When a restaurant goes from a la carte to either a buffet or a prix fixe meal, it is able to find a new class of customers.

Could a law firm charge by the project? When I incorporated Yoyodyne, a fancy firm charged us a fix rate.

Netflix went from charging by the rental to charging by the month.

We use tolls to charge people who drive over bridges more than other folks. We don’t hesitate to charge people ordering steak more than people ordering pasta in a restaurant. Could the library charge frequent readers more? What about insurance companies charging more to young families (more likely to have a baby).

Ski areas have a huge fixed cost base (land, grooming, etc.) so they get greedy, sell too many lift tickets and the lines get long. Fixed pricing encourages people to ski a lot, at peak times. What if only cost $3 to get on the mountain, plus a small charge for each lift ride and a premium price for popular lifts at popular times? The technology is already there, the only reason not to try it is momentum.

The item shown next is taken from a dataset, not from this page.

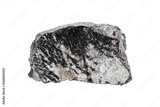 Closeup natural rough elite Shungite stone on white background. Earth minerals contain high specifically carbon (fullerenes) atom. (selective focus, shallow DOF)

If you’re a copywriter or masseuse or other sort of freelancer, how many retainer clients do you need to relax and spend more time on the work, less on the billing/looking part? What happens when an artist does this?

Why don’t airlines experiment with auctioning of seats, baseball card style? You could buy the rights to a seat for $200 (speculating, if you like) and then try to sell it off as the flight time get closer–it’s not hard to imagine an easy to use website for these transactions. The seat might change hands a dozen times, earning the airline a processing fee each time, and enriching those that want to start trading this expiring commodity. Sports teams are already trying to figure out how to make this work.

Changing your pricing changes your story.